Failure Culture in Start-ups
In the technological entrepreneurial culture, it is well known that most start-ups fail. The number is very high: 3 in every 4. The reasons can vary from running out of funding or losing a founder, to determining there isn’t a big enough market for your product or service. Either way, failing in Silicon Valley is one of the least terrible things that can happen to you.
When we start a company, fear of failing can be paralyzing. We imagine how terrible it would be to lose our savings, share with our friends and family how what we tried didn’t work out, and the idea of being pointed out as losers overwhelms us. Nevertheless, in the start-up culture it’s very clear than a failing company is not a synonym for failing founders, but quite the opposite: it is promoted to be very vocal about our mistakes.
Something important to take into account is that you are not your start-up and the possibility to eventually take on a new project is high. Learning from each of your experiences generates a track record that has more value than just one project.
In the Bay Area, with so many projects in development, it’s common to listen to founders’ stories that show that the knowledge gathered by previous failed projects helped them realize what they had to do differently for their new start-ups.

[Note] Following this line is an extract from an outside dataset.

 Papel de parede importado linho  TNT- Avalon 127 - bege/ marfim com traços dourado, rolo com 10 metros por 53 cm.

Failing is a synonym for learning.
As part of this new entrepreneurial culture, failing fast and sharing is more recommended than doing it in a silent way. It is clear that it’s better to end a project that has no future when the investment in time and money is still low, than to postpone the closing of a company that is destined to die. Being prideful and pretending that everything is fine or keeping the failure a secret can be more counterproductive for the entrepreneur than it may seem, thus it would look like he didn’t learn anything from it. In Silicon Valley, learning and sharing knowledge is a cultural pillar.

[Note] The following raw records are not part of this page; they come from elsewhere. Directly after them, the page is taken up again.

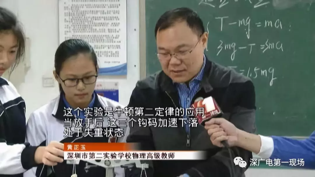 視頻中的主角,是深圳市第二實(shí)驗(yàn)學(xué)校的黃正玉、鄭景華、馮雅琪三名物理老師,這個(gè)視頻是一段物理教學(xué)實(shí)驗(yàn)短視頻,名為《3+1=3?》。
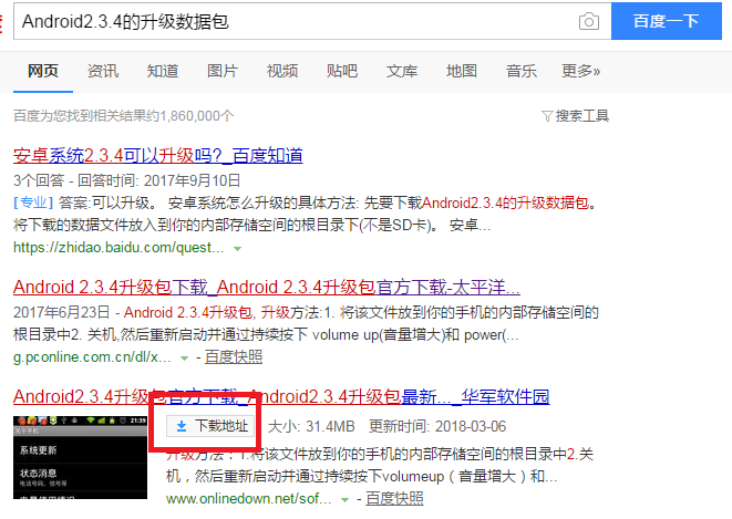 第一步:先要手机下载Android2.3.4的升级数据包,我用的电脑给你搜了一下。
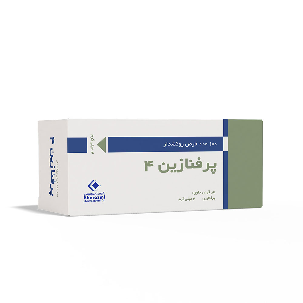 | معرفی محصول | پرفنازین هر عدد قرص خوراكي روكشدار پرفنازين 2، حاوی 2 میلیگرم پرفنازين بعنوان ماده موثره دارويي بوده و هر عدد قرص خوراكي روكشدار پرفنازين 4، حاوی 4 میلیگرم پرفنازين بعنوان ماده موثره دارويي بوده و هر عدد قرص خوراكي روكشدار خط دار پرفنازين 8، حاوی 8 میلیگرم پرفنازين بعنوان ماده موثره دارويي بوده كه داخل جعبه به همراه بروشور، توسط شرکت داروسازی خوارزمی توليد و به بازار عرضه میشود. | |
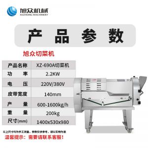 名稱XZ-690A型多功能切菜機(jī) 電源220/380V 功率2.2KW 產(chǎn)量600kg1600kg/h 尺寸1400X530X980mm 重量200kg 規(guī)格 其他皮帶寬度140mm

In Latin America our perception towards failure is very different. Socially it is hard to be open to share our mistakes but little by little we are letting go of old conventionalisms and nurturing new entrepreneurs with past experiences. In Mexico for example, Fuckup Nights takes place once a month, a networking event to share failure stories and lessons learned in a relaxed way. Are there any discussion spaces around failure in your city?